For human aging, valuable information has been gleaned from a century of clinical observations. It was on this basis that, as mentioned earlier, a series of life-shortening genetic alterations in humans were described over a century ago that appeared to accelerate multiple signs of normal aging (Martin, 2005). These so-called segmental progeroid syndromes, already briefly discussed, were described by the medical community well before the discovery of DNA, and are therefore not biased toward a DNA-based hypothesis of aging. So it is remarkable that so many of these syndromes are defective in genome maintenance. The most striking of the human progeroid syndromes are Werner Syndrome (WS) (Epstein et al., 1965) and Hutchinson-Gilford Progeria Syndrome (HGPS) (Pollex and Hegele, 2004). WS is caused by a defect in a gene that is a member of the RecQ helicase family (Yu et al., 1996). The affected gene, WRN, encodes a RecQ homologue whose precise biological function remains elusive, but is important for DNA transactions, probably including recombination, replication, and repair.
HGPS is caused by a defect in the gene LMNA, which through alternative splicing encodes both nuclear lamins A and C (Eriksson et al., 2003). Nuclear lamins play a role in maintaining chromatin organization. Less striking segmental progeroid syndromes include ataxia telangiectasia, caused by a heritable mutation of the gene ATM (ataxia telangiectasia mutated), a relay system conveying DNA damage signals to effectors (Shiloh, 2003), Cockayne syndrome and trichothiodystrophy, diseases based on defects in DNA repair and transcription (Lehmann, 2003), and Rothmund Thomson syndrome, like Werner syndrome, based on a heritable mutation in a RecQ gene (Lindor et al., 2000). There is evidence that each of these genes when defective can also lead to aging symptoms in the mouse, sometimes in combination with other gene defects (see later, and Hasty et al., 2003).
Although in both humans and mice cancer incidence increases exponentially with age, the tumor spectrum in the two species differs significantly, with sarcomas and lymphomas predominant in the mouse and epithelial cancers in older humans (DePinho, 2000). Likewise, the spectrum of normal age changes (other than cancer) in mice and humans is not exactly the same, which always needs to be kept in mind when using these models (Hasty and Vijg, 2004). Moreover, although cancer as a phenotype is generally undisputed, aging has diffuse characteristics, and includes cancer and a variety of degenerative phenotypes (see www.niehs.nih.gov/ cmgcc/dbmouse.htm). Progeroid genotypes are associated with an early onset of some, but not all, characteristics of senescence and must therefore be interpreted with caution.

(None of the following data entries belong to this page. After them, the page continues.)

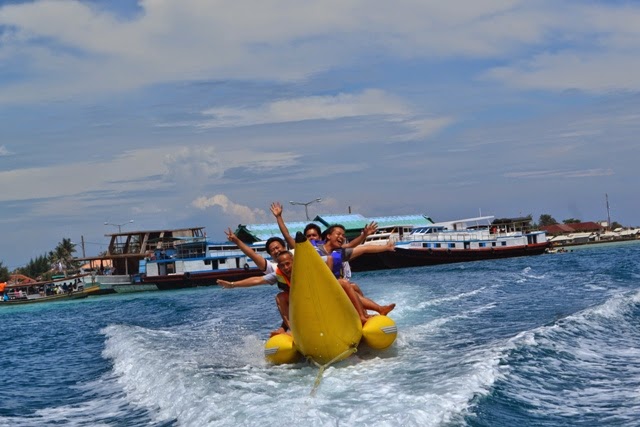 Setelah hunting sunrise, kami lanjut ke agenda terahir sebelum kembali ke bogor! Banana Boat!!! Yeay!!! Untuk acara yang satu ini lumayan ngeselin sebenernya. Kita harus mengantri dan berbagi dari rombongan trip lain. Secara banana boat disini cuma ada sebijik! Hufh -__-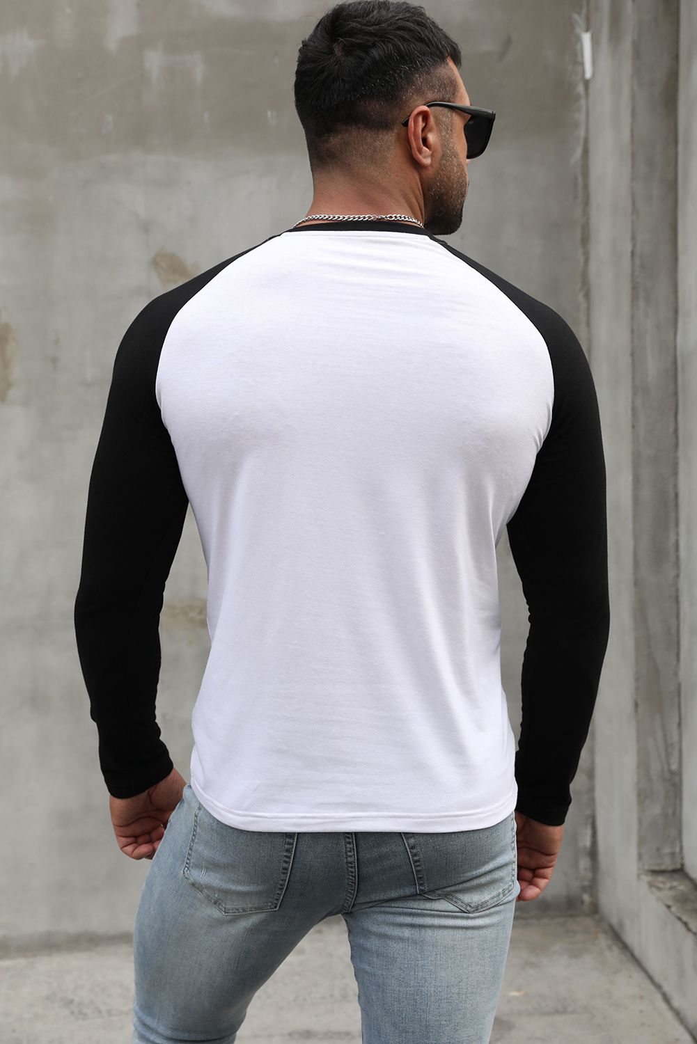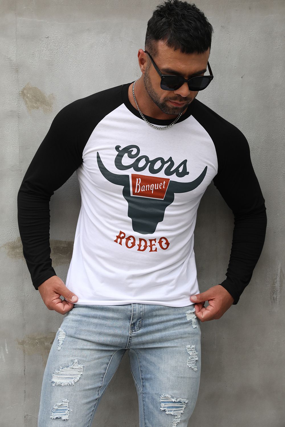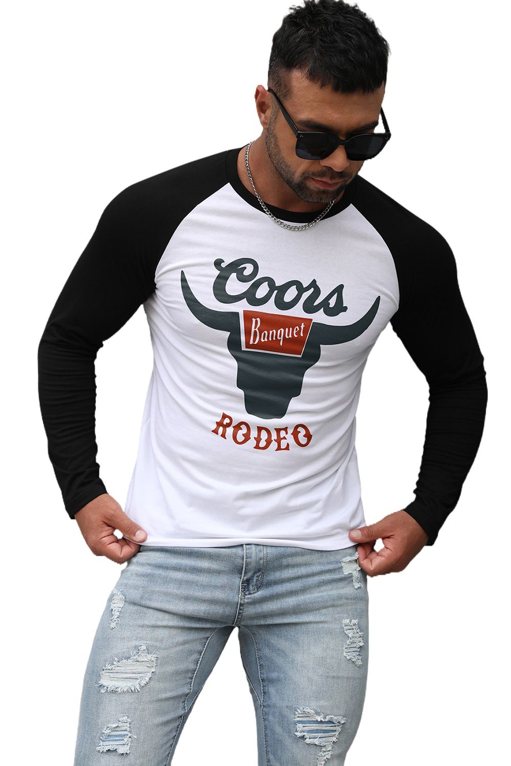 Men's Steer Head Letter Print Color Block Long Sleeve Top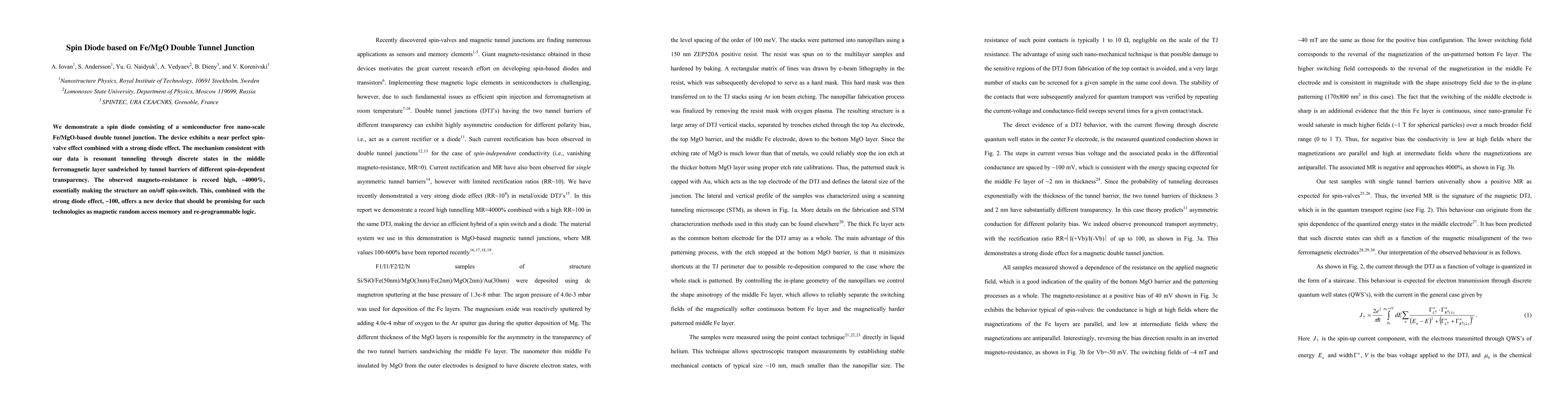 We demonstrate a spin diode consisting of a semiconductor free nano-scale Fe/MgO-based double tunnel junction. The device exhibits a near perfect spin-valve effect combined with a strong diode effect. The mechanism consistent with our data is resonant tunneling through discrete states in the middle ferromagnetic layer sandwiched by tunnel barriers of different spin-dependent transparency. The observed magneto-resistance is record high, ~4000%, essentially making the structure an on/off spin-switch. This, combined with the strong diode effect, ~100, offers a new device that should be promising for such technologies as magnetic random access memory and re-programmable logic.

Loose criteria that help identify genuine mouse mutants of accelerated aging are (1) the phenotype should present after development and maturation are complete; (2) the phenotype should be demonstrable in control populations at a more or less similar point in their survival curve; and (3) the genetic alteration should accelerate multiple aging phenotypes (Hasty and Vijg, 2004). None of these criteria is written in stone. Indeed, accelerated aging can occur even before development is complete, as in the case of HGPS. Such cases, however, are more difficult to recognize as authentic models of aging and may not be as valid as those that exhibit aging phenotypes after maturation. It is also easily imaginable that a genetic alteration accelerates certain symptoms of aging much more than expected on the basis of the survival curve. Such so-called exaggerated aging would be expected if, rather than a quantitative, chronological master switch, the mutation would affect only one critical pathway for somatic maintenance leading to severe imbalance of the survival network.
Interestingly, the single-gene mutations that increase life span in worms, flies and mice may do so through the upregulation of cellular defense systems, including DNA repair and antioxidant defense. Candidate genes implicated in the control of such a survival response are FOXO and SIRT1, which have been demonstrated in nematodes and fruit flies to control downstream targets of the pro-longevity mutations affecting nutrient sensing, reproduction, and growth (Vijg and Suh, 2005). Down-regulation of these effector genes could then conceivably lead to an acceleration of all possible aging phenotypes. FOXO3a and SIRT1 knockout mice do not display apparent signs of accelerated aging, although it is possible that a progeroid phenotype will become visible after a more quantitative downregulation of these genes (Cheng et al., 2003; Hosaka et al., 2004).
It should be noted that the mutations that lead to increased longevity in nematodes, flies or mice are likely to do so only at the cost of some selective disadvantage, often not obvious under laboratory conditions (Jenkins et al., 2004). For some of the mouse longevity mutants, such as the growth hormone deficient Ames dwarf mice, fitness costs are readily apparent in the form of infertility and hypothyroidism (Bartke and Brown-Borg, 2004). However, for another longevity mutant in the mouse, p66SHC, there is no obvious selective disadvantage
(Migliaccio et al, 1999). At this time the only known consequence of deleting p66SHC is increased life span; thus, we presume the laboratory environment masks any disadvantage. For example, it is possible that p66SHC functions to increase cellular ROS to initiate cellular destruction as a part of our defense system against infectious agents. This potential disadvantage would be masked in the p66SHC-mutant mice since they are housed in a pathogen-free environment. We currently lack the detailed phenotypic comparisons to confirm that longevity-conferring mutations do so by retarding all possible symptoms of aging equally. Hence, though it is clear that mutations in single genes can activate survival pathways conferring increased longevity, the concept of master regulator genes to control the rate of aging is doubtful.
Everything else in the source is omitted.